Alors que Niqa reprenait sa lecture, les yeux verts continuèrent de scruter le visage de cette étrange personne, sans doute complexe, plus complexe que ce qui paraissait de prime abord. La caresse sur sa cuisse le rendait sans doute plus sympathique qu’il n’était, quel dommage de devoir le tuer… Il se montrait plus cavalier, bien que rien dans son attitude ne semble cacher une volonté plus vile. C’était… étonnant, vis-à-vis de Prisma, qui plissa les yeux un instant, suspicieuse. La nommer Damoiselle la fit pousser un petit rire, bien malgré elle, et elle voulut lui répondre spontanément lorsque l’être l’albâtre proposa un tournant dans leur relation. Un tournant familier qui la fit sursauter.
La Rousse tutoyait deux types de personnes. Ses amants et les personnes qu’elle considérait comme inférieures. Dans les deux cas, des gens sous son pouvoir direct. Il n’était pas idiot de vouloir créer une telle proximité avec sa cible, et il avait raison sur ce point ; ainsi sur ses genoux, ses mains décorées parcourant doucement son corps, l’on pourrait croire facilement que cette marque de distance était obsolète.
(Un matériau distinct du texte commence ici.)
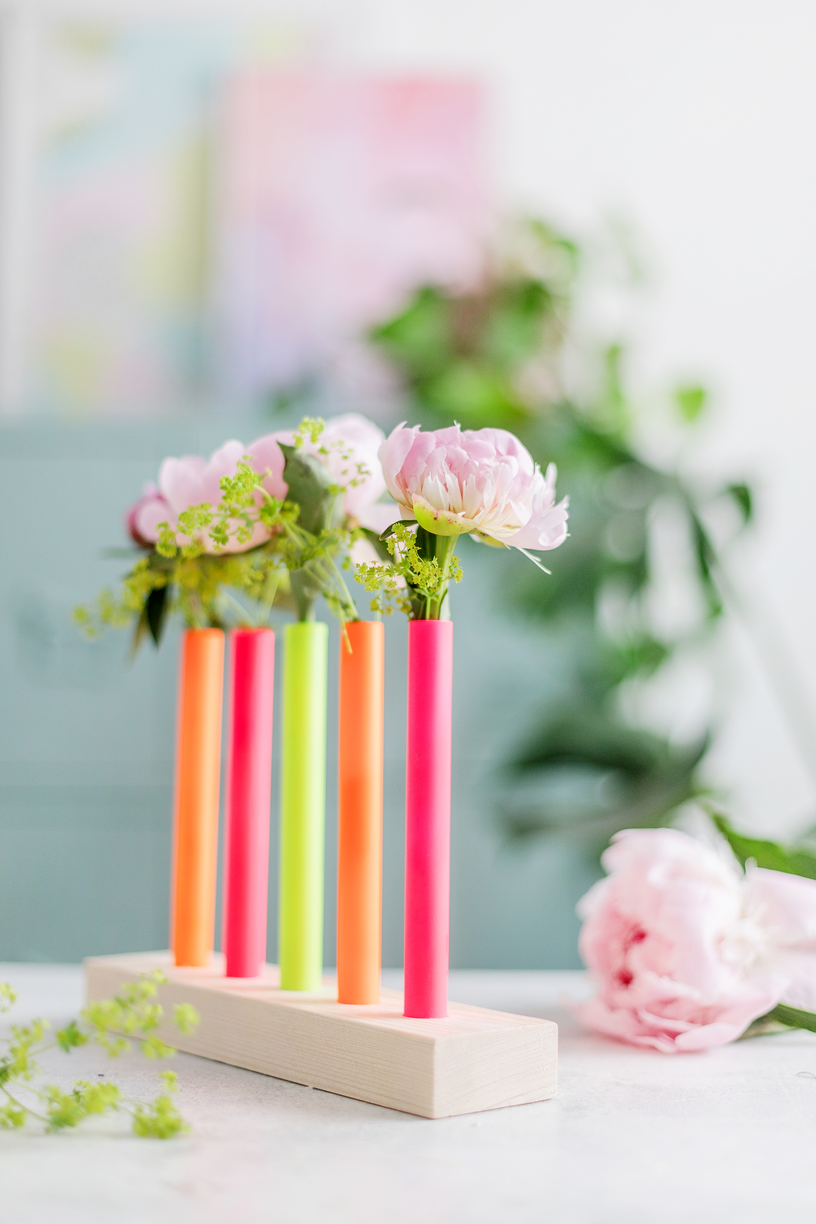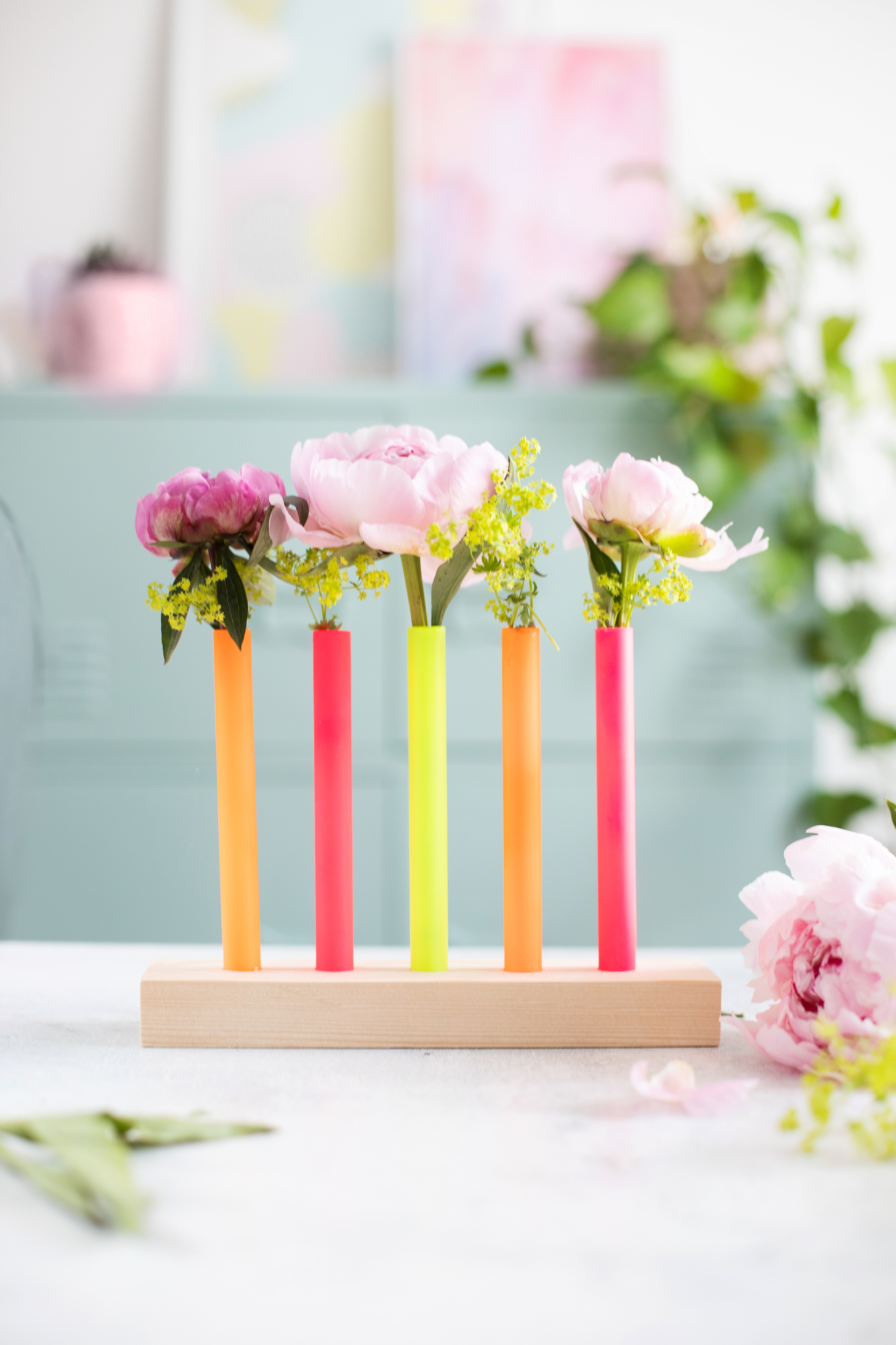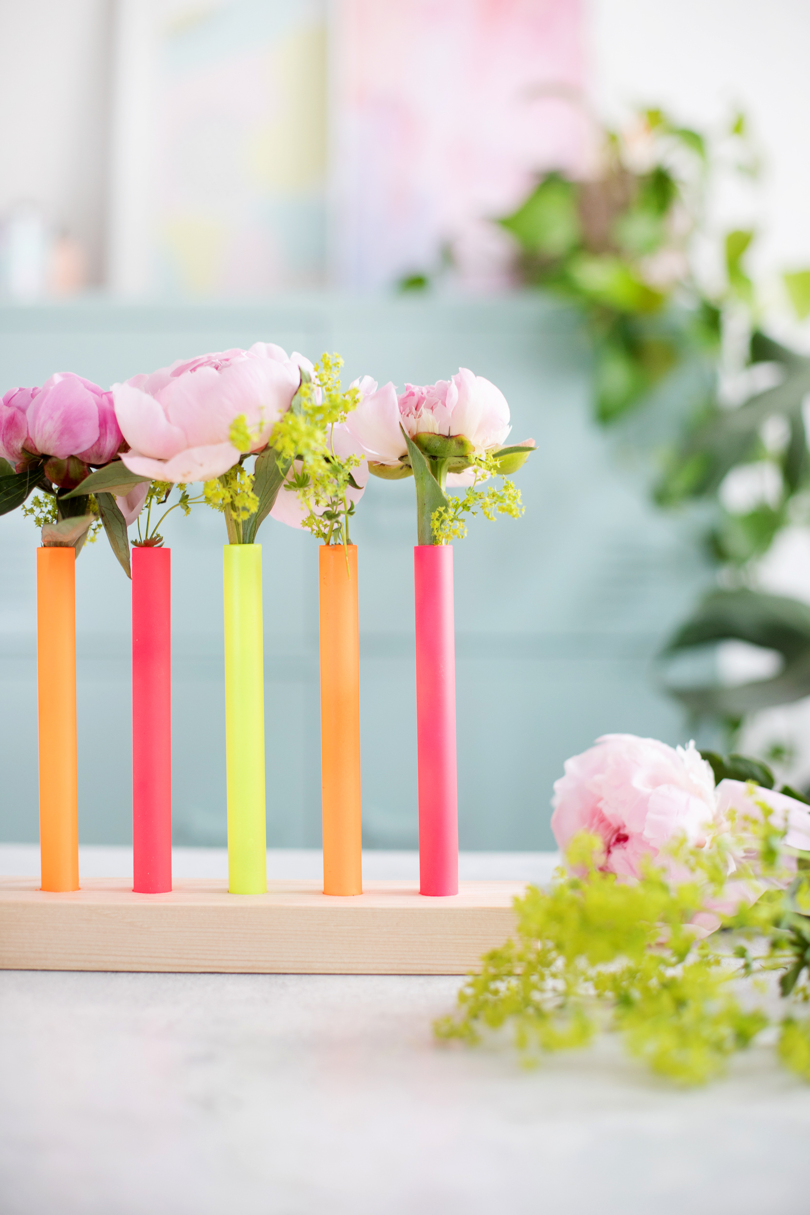 So geht’s: DIY Blumenvasen aus Reagenzgläsern in Neonfarben

Prisma déglutit lentement, puis se força à sourire, de peur qu’il ne perçoive ses réflexions.
« Je. »
Après un instant pesant, la jeune femme hocha lentement la tête, la désagréable impression de ne pas maîtriser cette conversation ; mais c’était ainsi que l’on gagnait la confiance des gens, malheureusement, en leur faisant croire qu’ils contrôlaient, eux, les choses.
« De sages paroles, Niqa, j’y consens avec joie. » Comme une habitude, sa voix lorsqu’elle tutoyait s’était positionnée plus basse, comme écartant la possibilité que l’homme soit un esclave. « Mon intérêt est largement piqué, et j’imagine qu’avec tes dons de magie, inoculer un poison à un tiers doit être quelque chose de facile. »
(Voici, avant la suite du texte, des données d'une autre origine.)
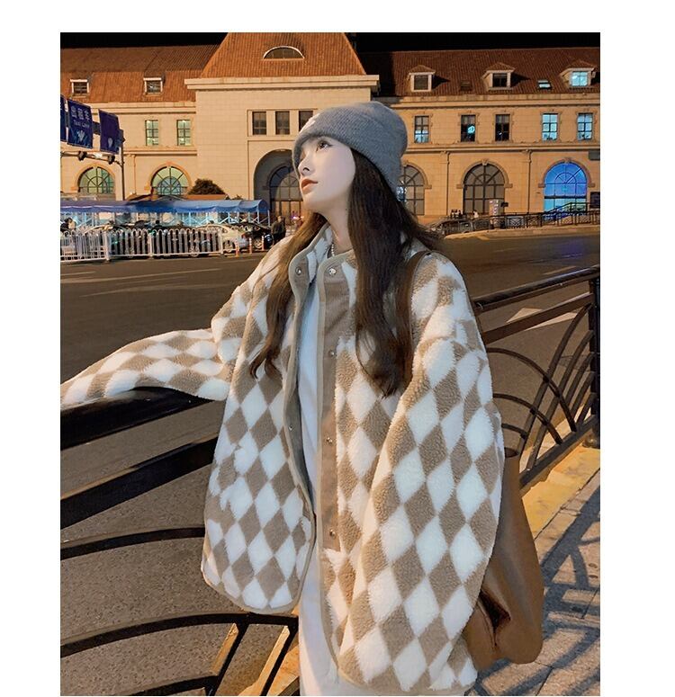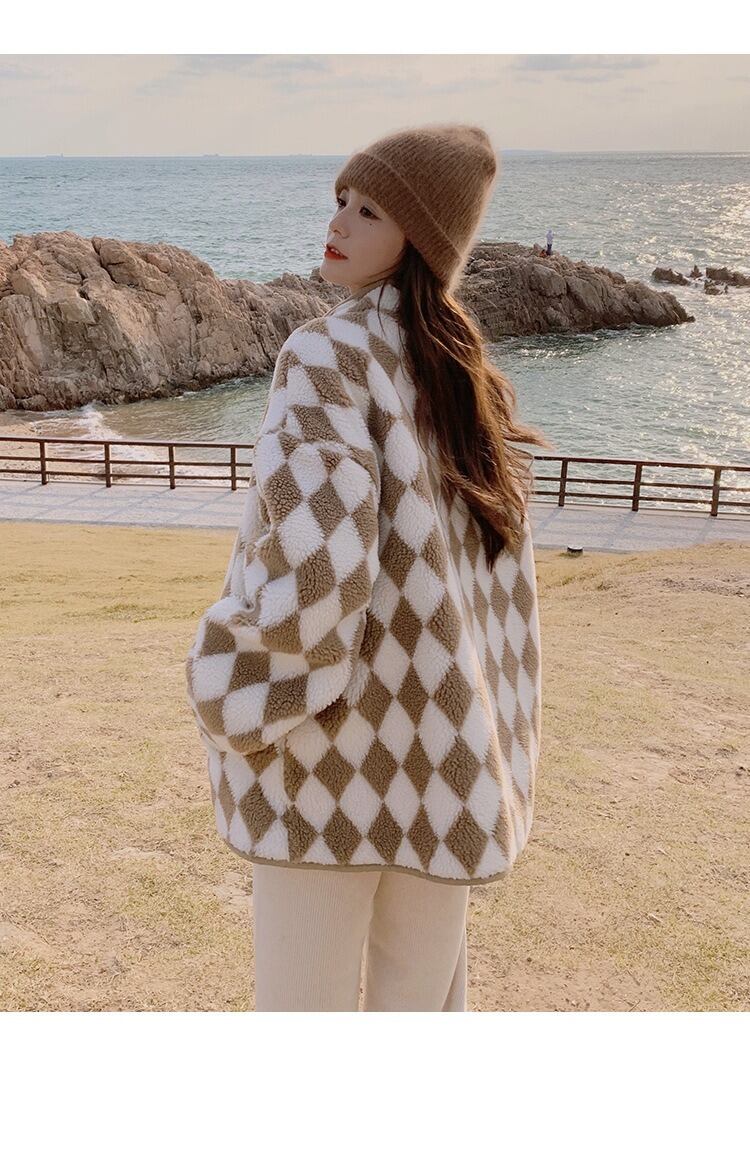 アウター コート ジャケット フリース ショート ショート丈 袖あり 長袖 ワイド ボタン ポケット 厚手 シンプル カジュアル おしゃれ お洒落 ダイヤモンド柄 秋 冬 10代 20代 30代 レディース 女性用 通勤 通学 デート お出かけ 休日 普段使い 韓国 韓国系 コーデ 暖かい 防寒 インスタ映え S M L XL ゆったり ゆる ミルクコーヒー 定番カラー 大人カラー

Un petit gloussement accompagna une pensée, qu’elle articula rapidement.
« En plus de pouvoir te laisser les mains libres, tout en lisant. Plaisante capacité, n’est-ce pas ? As-tu l’habitude d’avoir ainsi quelques oreilles attentives autour de toi ? Femmes, famille… »
Si elle ne ressentait aucun scrupule à faire disparaître un père, un frère ou un fils, il fallait pourtant avoir en tête les ennuis potentiels qui, parfois, la poursuivaient. Rares, heureusement, étaient les témoins de ces petits agissements. Comme pour l’encourager à répondre, ses doigts se posèrent sur cette main encrée qui s’était approprié sa cuisse tendrement.